The UNITED STATES DISTRICT COURT FOR the EASTERN DISTRICT OF
CALIFORNIA, Respondent,
Anthony Cornell Bean, Real-Party-In-Interest.

No. 96-70585.

United States Court of Appeals,
Ninth Circuit.

Submitted Sept. 23, 1996.*
Filed Sept. 30, 1996.

Clayton S. Tanaka, Deputy Attorney General, Sacramento, CA, for petitioner.

Andrea M. Miller, Nageley, Meredith & Ramsey, Sacramento, CA, for real party in interest.

Petition for Writ of Mandamus to the United States District Court for the Eastern District of California, William B. Shubb, District Judge, Presiding. D.C. No. CV-90-00648-WBS.

Before: CANBY, O'SCANNLAIN and THOMAS, Circuit Judges.

O'SCANNLAIN, Circuit Judge:

We must decide whether a California death row inmate's procedural default in state court bars federal review of his habeas claims.

* Arthur Calderon, Warden of the California State Prison at San Quentin (the "State"), petitions this court for a writ of mandamus directing the district court to vacate its order denying the State's motion for summary dismissal of Anthony Bean's habeas petition.

In June 1981, a jury convicted Bean of the murders of Beth Schatz and Eileen Fox. Bean was sentenced to life in prison without the possibility of parole for the murder of Fox, and to death for the murder of Schatz.

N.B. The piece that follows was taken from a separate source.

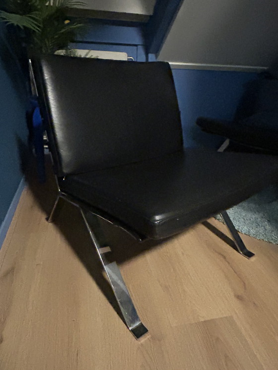 Ontspan in stijl met deze Girsberger Euro1600 relaxfauteuils. Perfect om een vleugje moderne elegantie toe te voegen aan elke kamer, met deze stoelen met strakke zwarte leren bekleding en stevige metalen poten. Of u nu lekker wegkruipt met een goed boek of gasten ontvangt, deze stoelen bieden zowel comfort als verfijning. Mis de kans niet om uw ruimte te verfraaien met deze chique loungestoelen!
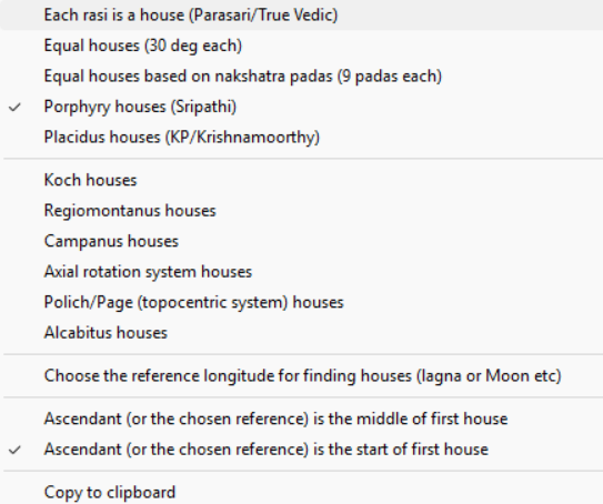 Има различни мнения и различните школи. Всеки решава как да използва бхава чалит и като настройки и като приложение. Има и такива, които не обръщат внимание на бхава чалит.  Аз използвам Пласидус и куспид – началото на дома/както е на скрийншота/. Ползвам я, когато има гранични разположения в Раши, на асцендент или планета в дом. Не и придавам голяма тежест при анализ, но я вземам под внимание.

The California Supreme Court affirmed Bean's convictions and sentences on September 19, 1988, People v. Bean, 46 Cal.3d 919, 251 Cal.Rptr. 467, 760 P.2d 996 (1988), and the United States Supreme Court denied certiorari on March 19, 1990, Bean v. California, 494 U.S. 1038, 110 S.Ct. 1499, 108 L.Ed.2d 634 (1990).

In June 1990, Bean filed an application in federal court for a stay of execution and appointment of counsel. The district court appointed counsel on July 26, 1990, and Bean filed a federal habeas petition on July 18, 1991. On September 26, 1991, the district court granted a stay of execution, allowing Bean to exhaust his state remedies.

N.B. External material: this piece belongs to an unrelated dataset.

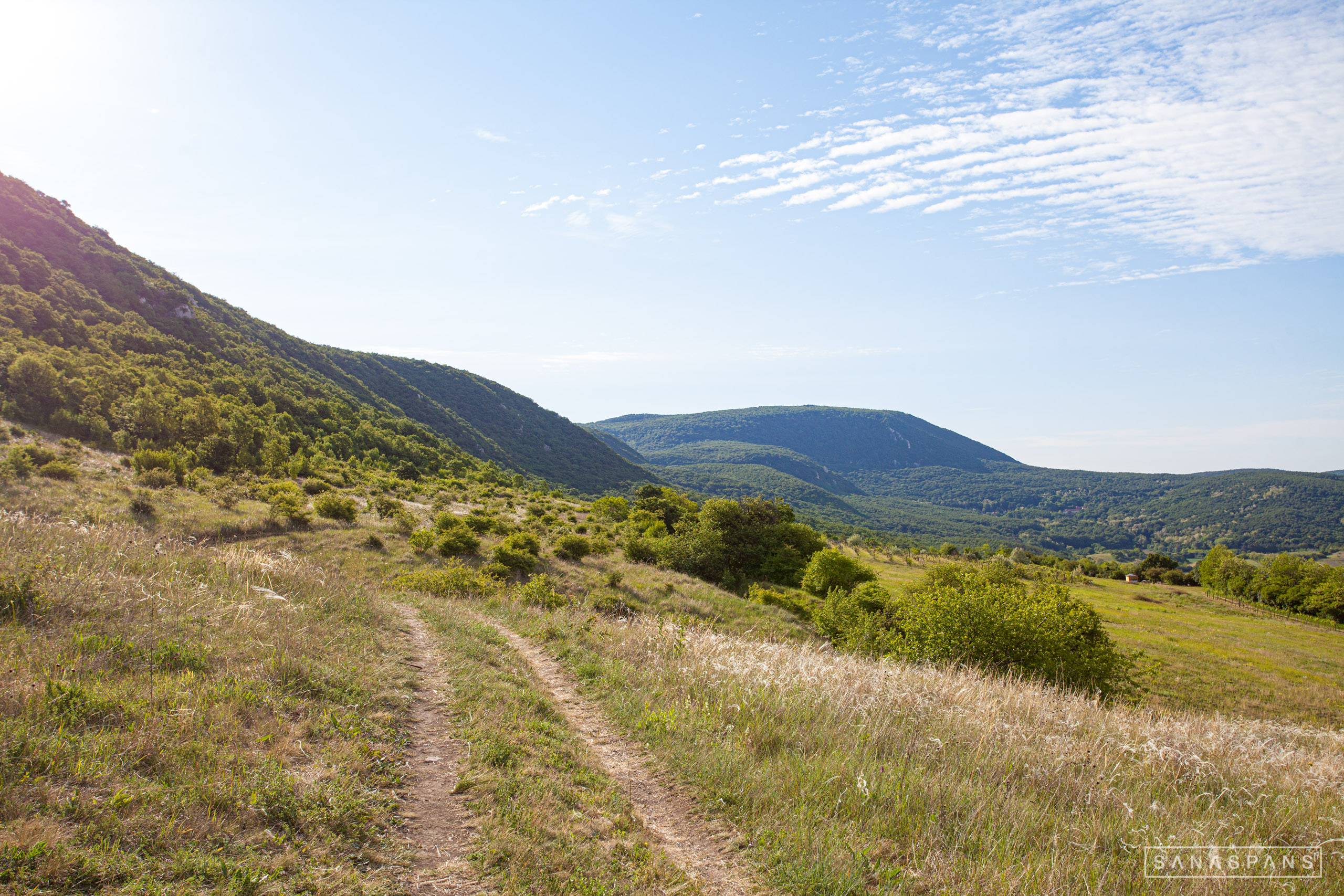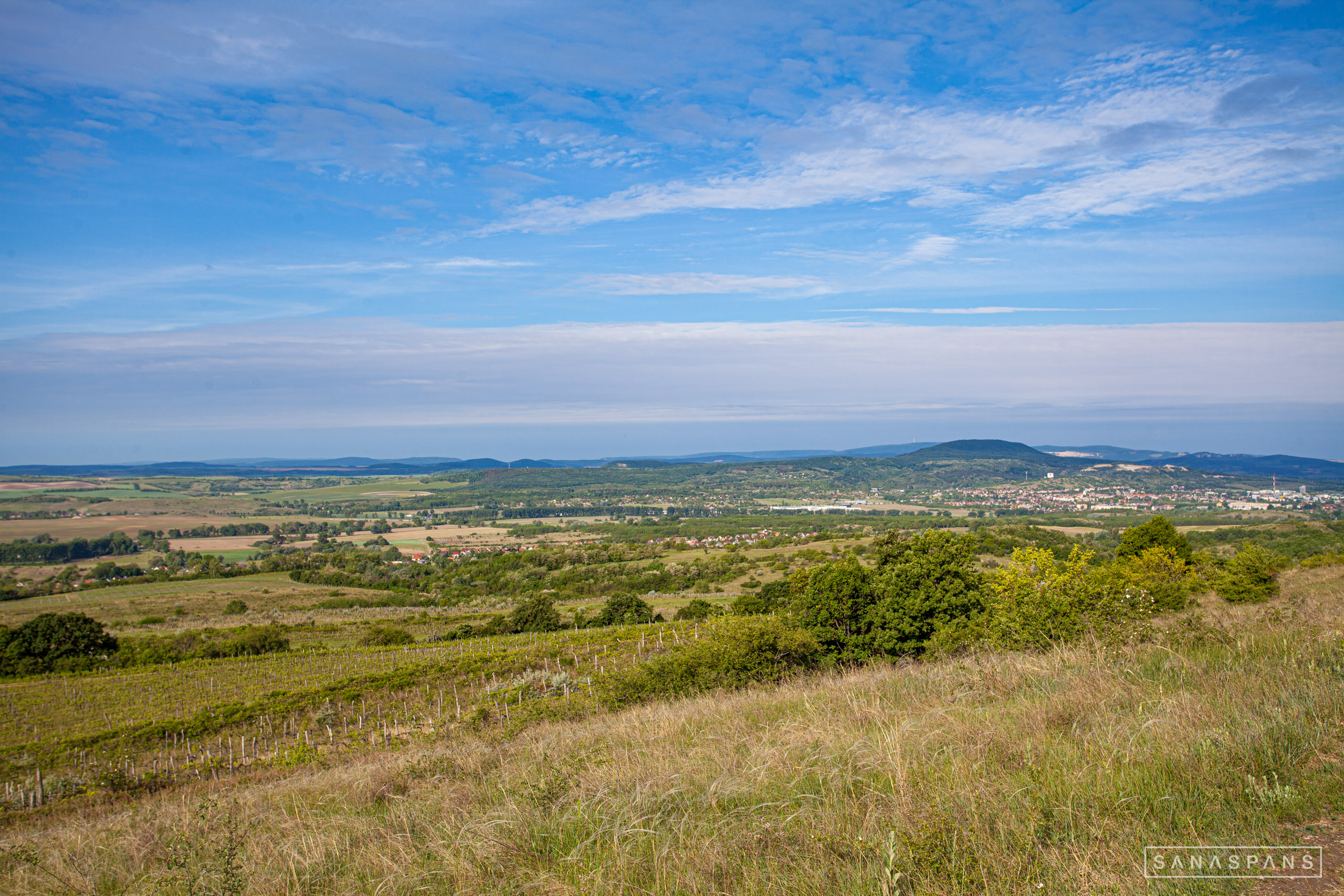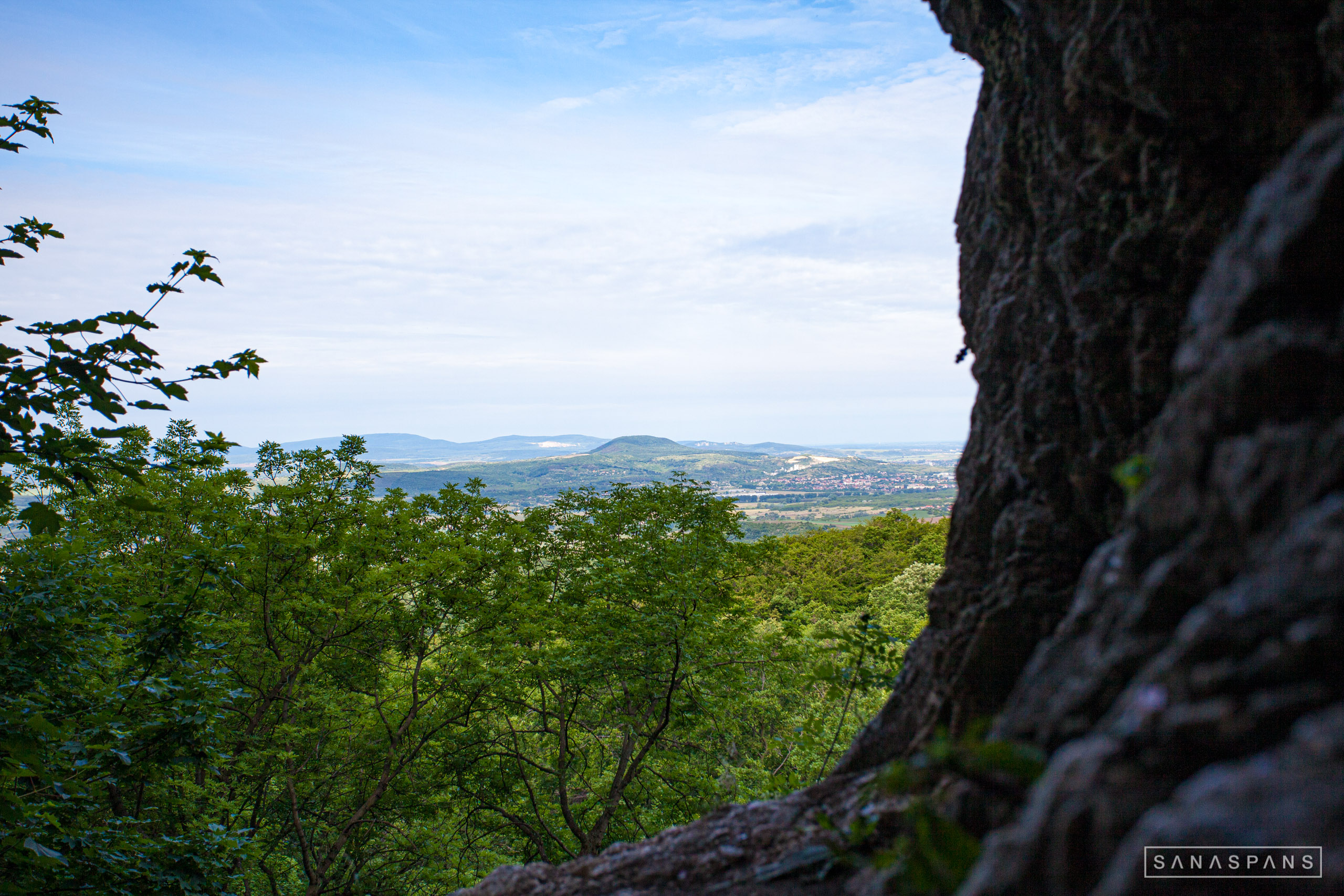 Úton Klastrompuszta irányába kiváló kilátás nyílt mind az előttem álló, mind az előző túrán megtett utamra. Klastrompusztáig egy kis emelkedőt kell megtenni, ami a reggeli bemelegítő futamnak pont jó is volt. Pecsételés után felmentem a közeli barlangokhoz és bekukkantottam az egyikbe. Szuper kilátása volt innen az itt lakó ősembereknek. Egyébként állítólag ezekben a barlangokban pénzhamisítók is működtek a középkorban.

Bean filed his state petition for a writ of habeas corpus on May 27, 1994. The California Supreme Court denied the petition on February 23, 1995, for the following reasons:

The petition for writ of habeas corpus is denied on the ground that it is untimely, does not identify those claims regarding which petitioner lacked knowledge or advise when he became aware of the factual basis for those claims, and does not adequately explain the delay in investigating and presenting the claims. (In re Clark (1993) 5 Cal.4th 750, 774-75 [21 Cal.Rptr.2d 509, 855 P.2d 729].)

[Thirty-nine claims] are also procedurally barred in that they were or could have been, but were not, raised on appeal or were waived by failure to preserve them at trial. (In re Harris (1993) 5 Cal.4th 813, 826 [21 Cal.Rptr.2d 373, 855 P.2d 391]; In re Clark (1993) 5 Cal.4th 750, 765 [21 Cal.Rptr.2d 509, 855 P.2d 729]; In re Waltreus (1965) 62 Cal.2d 218, 225 [42 Cal.Rptr. 9, 397 P.2d 1001]. See also, People v. Bean (1988) 46 Cal.3d 919 [251 Cal.Rptr. 467, 760 P.2d 996].)

[Ten claims] have been considered on their merits (see In re Clark, supra, 5 Cal.4th 750, 797-98 [21 Cal.Rptr.2d 509, 855 P.2d 729]), but, in light of the record of the trial and related proceedings, fail to state a prima facie case entitling petitioner to relief.

In re Bean, No. S040182 (Cal. Feb. 23, 1995) (order denying petition for writ of habeas corpus).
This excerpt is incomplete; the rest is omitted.